Les données publiques dessinent un gisement précis : de l'ordre de 927 maisons individuelles, un bassin de travaux structuré autour de CU Le Mans Métropole, environ 782 logements occupés par leur propriétaire. Ce volume ne préjuge d'aucune éligibilité individuelle : il indique seulement où se concentrent, à Rouillon, les situations où le scénario décrit sur cette page a le plus de chances d'être pertinent.
L'arbitrage financier se joue ensuite sur le barème : pour « isolation plancher bas à Rouillon », un ménage très modeste mobilise jusqu'à 32 000 €, un ménage modeste 24 000 €, un ménage intermédiaire 18 000 € et un ménage aux revenus supérieurs 4 000 € sur l'assiette de 40 000 € HT. À deux classes gagnées, l'assiette redescend à 30 000 € HT et les montants suivent dans la même proportion.
La zone climatique n'est pas un détail administratif : à Rouillon, en zone H2b, la base conventionnelle retenue est de 225 kWh/m²/an. C'est elle qui fixe le retour sur investissement de l'isolation du plancher bas et qui explique qu'un même ouvrage soit prioritaire ici et secondaire dans une zone plus tempérée.
Base ADEME : 248 diagnostics enregistrés à Rouillon, soit un taux de 256 pour 1 000 logements. Plus ce taux est élevé, plus la demande adressée à un isolateur intervenant en sous-sol est soutenue — et plus il faut anticiper la réservation d'un créneau pour l'isolation du plancher bas (deux à quatre jours).

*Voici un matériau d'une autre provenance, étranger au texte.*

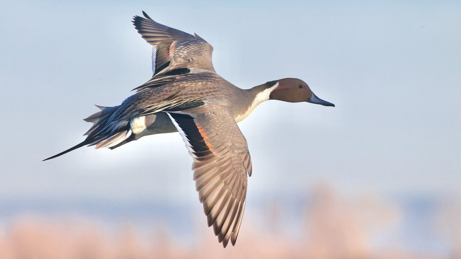 Early migrants, pintails get a jump start on both their spring and winter migrations. They nest near seasonal and semi-permanent wetlands in the prairie pothole states, and also nest farther north in the tundra. They can also nest in tilled ag fields. The hens prefer to make their nests in low, sparse vegetation, where they lay an average clutch of eight eggs. Like most duck species, pintails hatch within about three weeks after the eggs are laid, and the chicks are ready to fly at six weeks or so.

La séquence prime sur la vitesse : l'isolation du plancher bas occupe un isolateur intervenant en sous-sol durant deux à quatre jours à Rouillon. Son positionnement dans le calendrier — après l'audit, avant la mise en service — conditionne la qualité des interfaces entre lots bien plus que le choix de l'entreprise.
La part de propriétaires occupants — 81 % à Rouillon — dessine le volume de projets réellement engageables à court terme sur l'isolation du plancher bas, soit environ 782 logements. Le reste du parc suppose un montage locatif, avec ses propres conditions d'éligibilité.
Le gain se calcule, il ne s'annonce pas : l'isolation du plancher bas traite 7 à 12 % du besoin. Appliqué au cas de référence à Rouillon, en zone H2b, cela ramène 1 807 à 3 098 kWh par an, valorisés 194 € à 333 € au tarif conventionnel 2026.
L'arbitrage se fait en part d'assiette : à Rouillon, le plancher bas en absorbe environ 7 %. Il reste donc de la marge pour les autres lots du bouquet, sachant que l'aide portée par ce seul poste va de 1 305 € à 2 320 € selon la catégorie de ressources.
Contexte urbain à Rouillon : 969 résidences principales pour 2 382 habitants. Sur l'isolation du plancher bas, cela se traduit par des contraintes d'accès, d'occupation temporaire du domaine public et de livraison qui pèsent réellement sur le prix final.